鄧布利多儘量抓住關鍵詞詢問,「天使會有靈魂嗎?在你們的宗教信仰中,可有文書記載荊棘冠,究竟代表什麼?」
巫師的守護神都是動物的形態,可維森特本就很不一樣,上次還判斷他是亞茨拉斐爾的孩子來著。
「天使是沒有靈魂的,我們這具身體由天堂派發,地獄也有一樣的係統,如果這具身體消失了,我們的精神就會回到天堂上,無法在人間行走。」亞茨拉斐爾想了想,用人類的話來理解,這好像就是靈魂。
「人類依託皮囊寄存自己的靈魂,兩者之間相互依存。而天使是先有了靈魂,才擁有這具皮囊,皮囊具有可回收性。」
「至於荊棘冠,那就有很多話可以說了。」
鄧布利多洗耳恭聽,「請說。
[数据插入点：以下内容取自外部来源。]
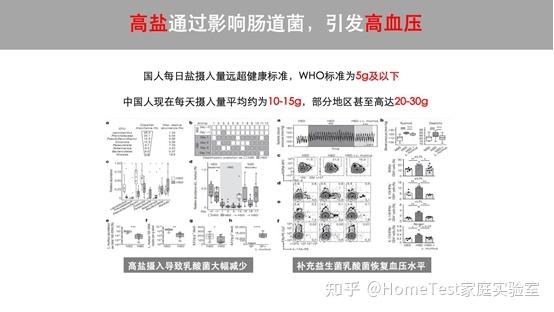 大家都知道,盐吃多了可能会引起高血压,按照世界卫生组织每日每人五克的盐标准,咱们国人的盐摄入量其实远远超标了,据报道,在我国,国内口中的山东重盐,重辣的,四川等地,盐摄入都在每人15克每日左右。甚至有的能达到每天25克,但为什么高盐会导致高血压呢,很多人说不清楚。前不久,德国科学家的研究结果可能有助于揭开这个疑惑,他们的研究结果表明,连续一周的高盐摄入就会明显显著升高血压的水平,同时改变肠道菌群的结构,尤其是一些乳酸菌的丰度,断崖式的下跌,数量甚至还不到对照组的5%。如果重新补充乳酸菌,血压就会重新下降,炎症水平也会下降。可见,肠道菌在高血压的问题中扮演非常重要的角色。
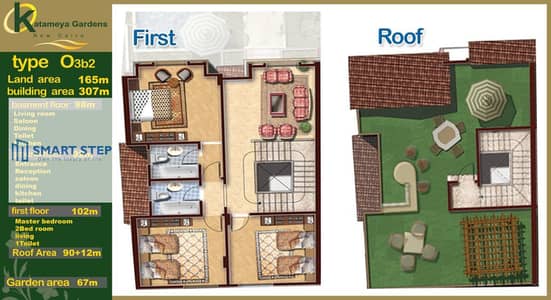النوع: تاون هاوس (أرضي + أول + ثاني + سطح)
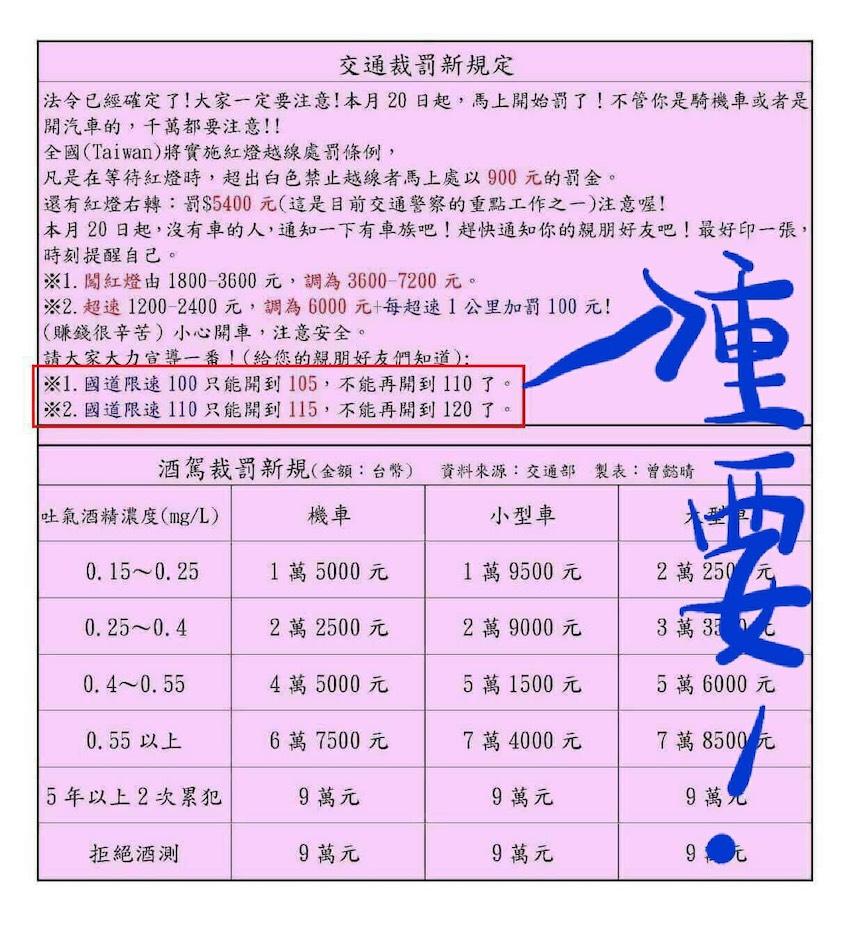 此為在網路上流傳的交通裁罰新規定,多半為假消息。(圖片來源:擷取自網路)
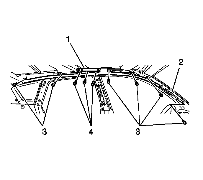2. Install the roof rail module bolts (4) in sequence shown.
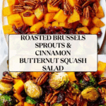 Keywords: roasted brussels sprouts, butternut squash, cinnamon, pecans, cranberries, maple syrup, roasted vegetables, vegetarian side dish, autumn recipe
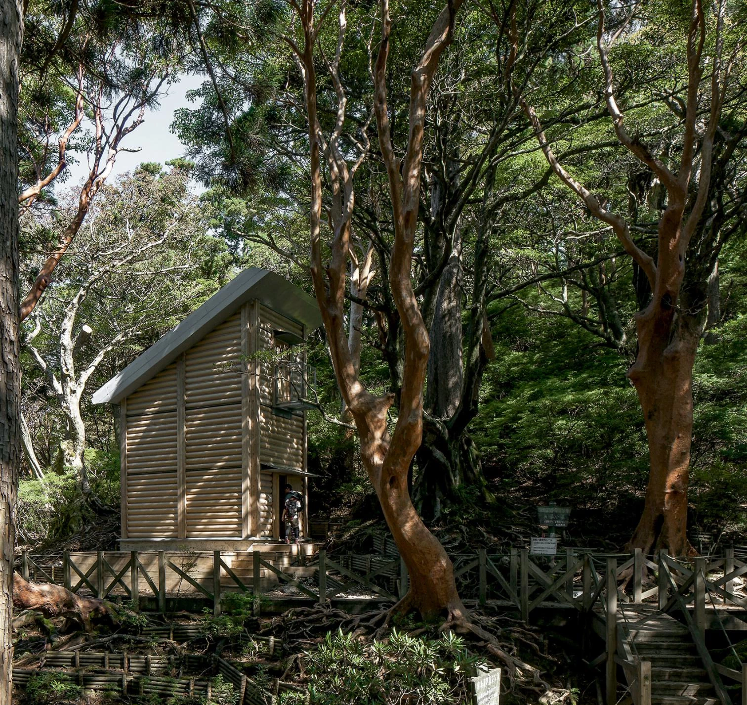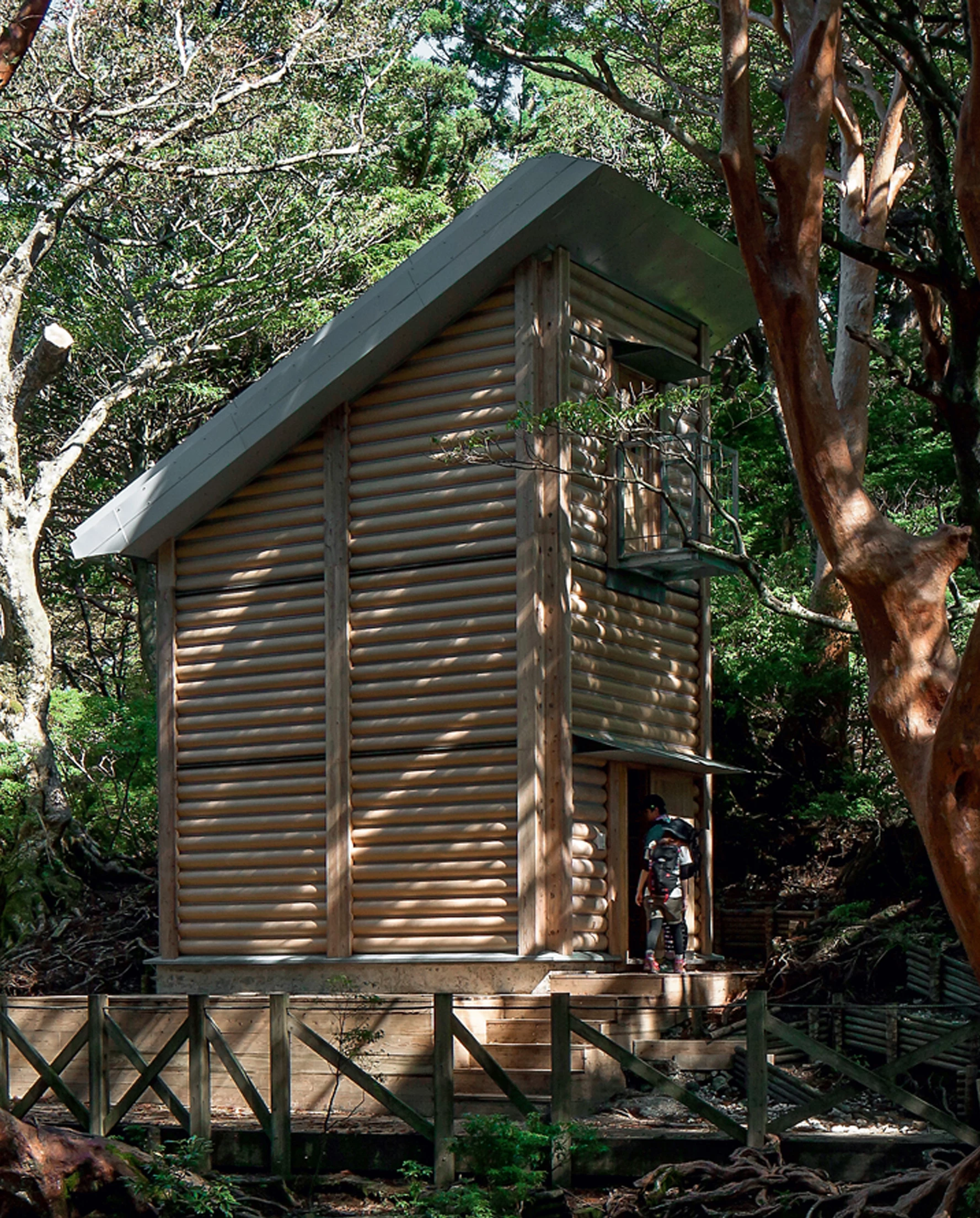 Yaku island, off the southwest coast of Japan, was listed as a heritage site in 1993 because of its value as a biosphere reserve. It is particularly important for its virgin jungle filled mainly with Japanese cedar (sugi), one of the world’s oldest tree species. This small mountain hut for hikers in the National Park of Yakushima Island is built on the foundations of an old shelter that had been destroyed, so the impact on the terrain is minimized. The basic structure consists of wood beams and pillars braced by cross-shaped metallic stretchers. The space between supports is closed by slightly separated paper tubes, which let light and air pass through. This system makes it easy to replace the tubes in case the extreme climate deteriorates them. The roof, constructed with corrugated sheet, is deeply sloped with large flanges to protect the hut from rainwater.
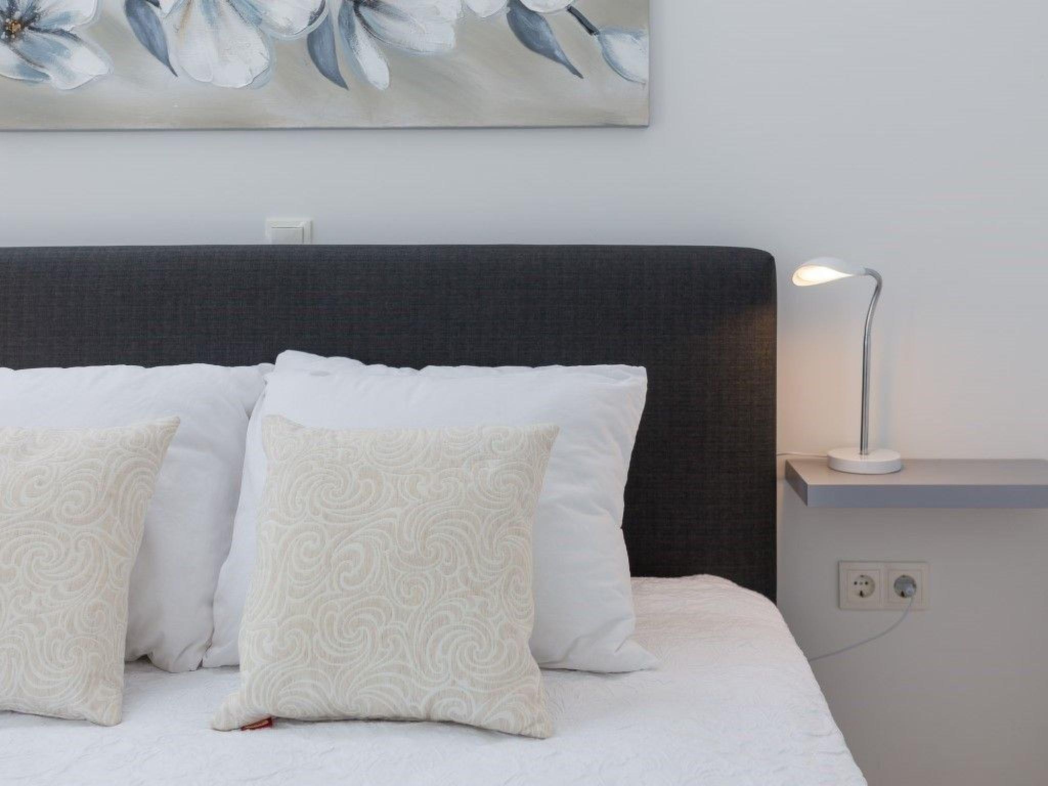 The villa is a perfect blend of modernity with a touch of design elements to make you feel at home. It consists of two floors. The ground floor’s concept is a sunlit open space with a fully equipped kitchen, suited for all your needs; a dining area, which can comfortably accommodate up to 6 guests; a cosy living room and a bathroom.
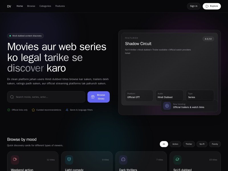 A dark, modern landing page template for launching a legal movie and web series discovery platform focused on Hindi-dubbed content and official streaming access.
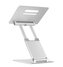 Tento plně nastavitelný stojan na notebook vám umožní umístit obrazovku do úrovně očí, ať už sedíte, stojíte nebo se nacházíte mezi těmito polohami. Je ideální pro zajištění ergonomicky správného držení těla při práci, jako řečnický pult při prezentacích nebo dokonce jako stojan na kuchařku při vaření.

」
亞茨拉斐爾滔滔不絕:「根據聖經記載,羅馬士兵用荊棘編織成冠冕,戴在耶穌頭上,象徵對他的羞辱和折磨,同時也象徵了人類罪惡的代價。」
「當然,這隻是聖經中記載的故事而已,實際上並不是那麼一回事。」亞茨拉斐爾偷偷補充書中沒有的知識點。
「荊棘冠不僅象徵耶穌的苦難,還被視為救贖和希望的象徵。聖經中的意思是,它提醒信徒即使在痛苦中,上帝的救贖計劃仍在進行。」
「此外,荊棘冠也與復活和重生的主題相關聯,象徵著耶穌的犧牲帶來的永恒生命。」
果然,專業的事情還是要專業的人來做,換成其他人,恐怕沒誰能像亞茨拉菲爾一樣,將這些事說的如此詳細。
鄧布利多輕輕點頭,「那看來這還是個好兆頭。」
***
「這聽起來可不是個好兆頭。」西奧多輕輕蹙眉。
「代表著希望,象徵著新生,前提是絕望和死亡,你的守護神可一點都不正義善良。」
維森特說了一大堆關於荊棘冠的事,西奧多在意的點十分獨特。